TASK: Pictures stay out of the copy, and everything else in the data below is repeated exactly.
◇ ◇ ◇ ◇
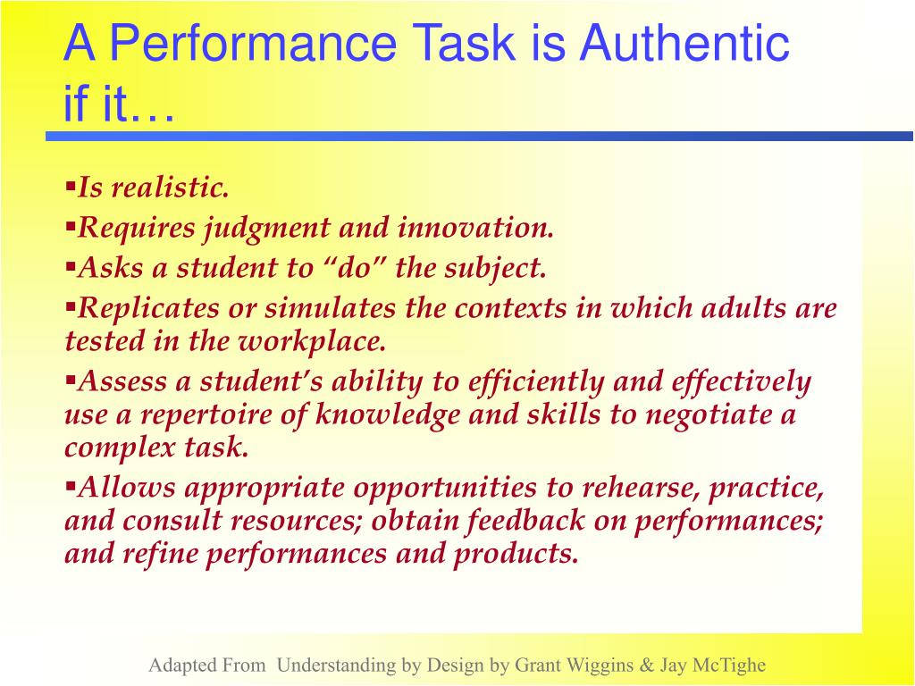 A Performance Task is Authentic if it… • Is realistic. • Requires judgment and innovation. • Asks a student to “do” the subject. • Replicates or simulates the contexts in which adults are tested in the workplace. • Assess a student’s ability to efficiently and effectively use a repertoire of knowledge and skills to negotiate a complex task. • Allows appropriate opportunities to rehearse, practice, and consult resources; obtain feedback on performances; and refine performances and products.
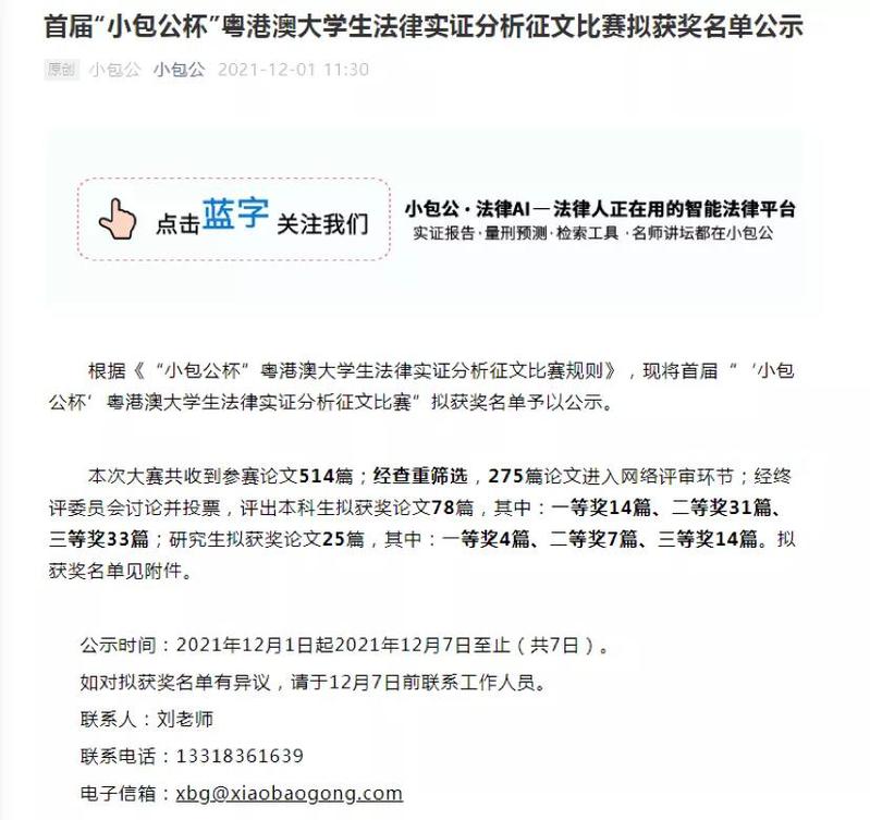 “小包公杯”粤港澳大学生法律实证分析征文比赛由广东省法学会主办,广东省法学会信息通信法学研究会、华南师范大学TapTap点点官方网站、华南师范大学人工智能法律应用研究中心承办,为贯彻习近平法治思想,落实中央全面依法治国工作会议精神,不断从理论与实践的结合上取得服务法治中国建设的新成果,努力培养具有创新精神和实践能力的法学高级专门人才,本次比赛参赛对象为在我国内地和港澳地区高等院校就读的法学类专业的本科生、研究生(包括法学硕士、博士研究生和法律硕士、博士研究生)。
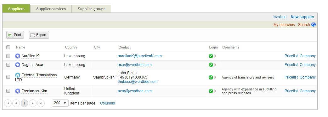 - External Manager - Suitable when there is a person in the vendor side who should take responsibility of the dispatching and back delivery of the results to the client. For example, Managers in LSPs.
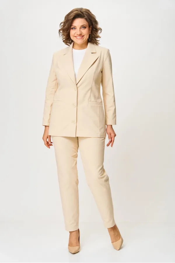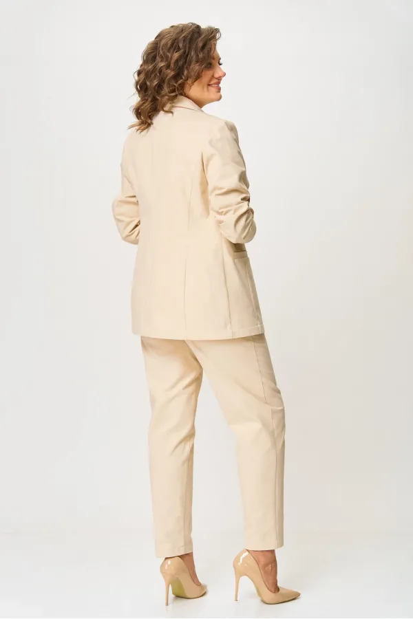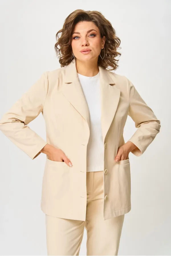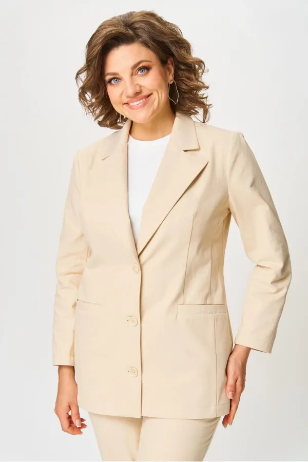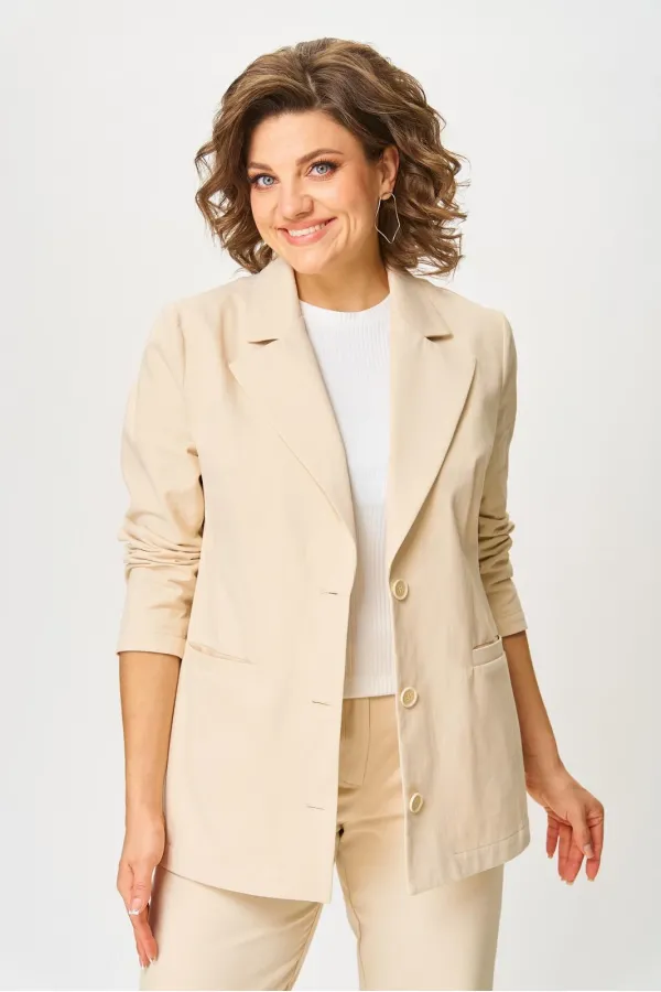 Спинка жакета со средним швом и рельефом. Рукав двухшовный, втачной. Воротник и подборта пиджачного типа.
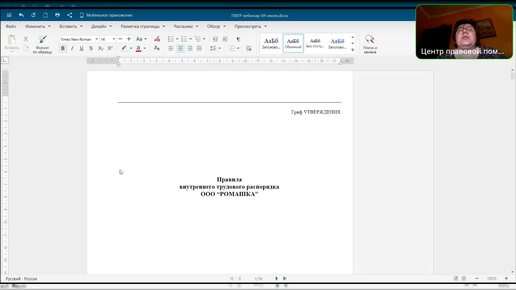 Вебинар Правила внутреннего трудового распорядка
◇ ◇ ◇ ◇
ANSWER SECTION:
 A Performance Task is Authentic if it… • Is realistic. • Requires judgment and innovation. • Asks a student to “do” the subject. • Replicates or simulates the contexts in which adults are tested in the workplace. • Assess a student’s ability to efficiently and effectively use a repertoire of knowledge and skills to negotiate a complex task. • Allows appropriate opportunities to rehearse, practice, and consult resources; obtain feedback on performances; and refine performances and products.
 “小包公杯”粤港澳大学生法律实证分析征文比赛由广东省法学会主办,广东省法学会信息通信法学研究会、华南师范大学TapTap点点官方网站、华南师范大学人工智能法律应用研究中心承办,为贯彻习近平法治思想,落实中央全面依法治国工作会议精神,不断从理论与实践的结合上取得服务法治中国建设的新成果,努力培养具有创新精神和实践能力的法学高级专门人才,本次比赛参赛对象为在我国内地和港澳地区高等院校就读的法学类专业的本科生、研究生(包括法学硕士、博士研究生和法律硕士、博士研究生)。
 - External Manager - Suitable when there is a person in the vendor side who should take responsibility of the dispatching and back delivery of the results to the client. For example, Managers in LSPs.
 Спинка жакета со средним швом и рельефом. Рукав двухшовный, втачной. Воротник и подборта пиджачного типа.
 Вебинар Правила внутреннего трудового распорядка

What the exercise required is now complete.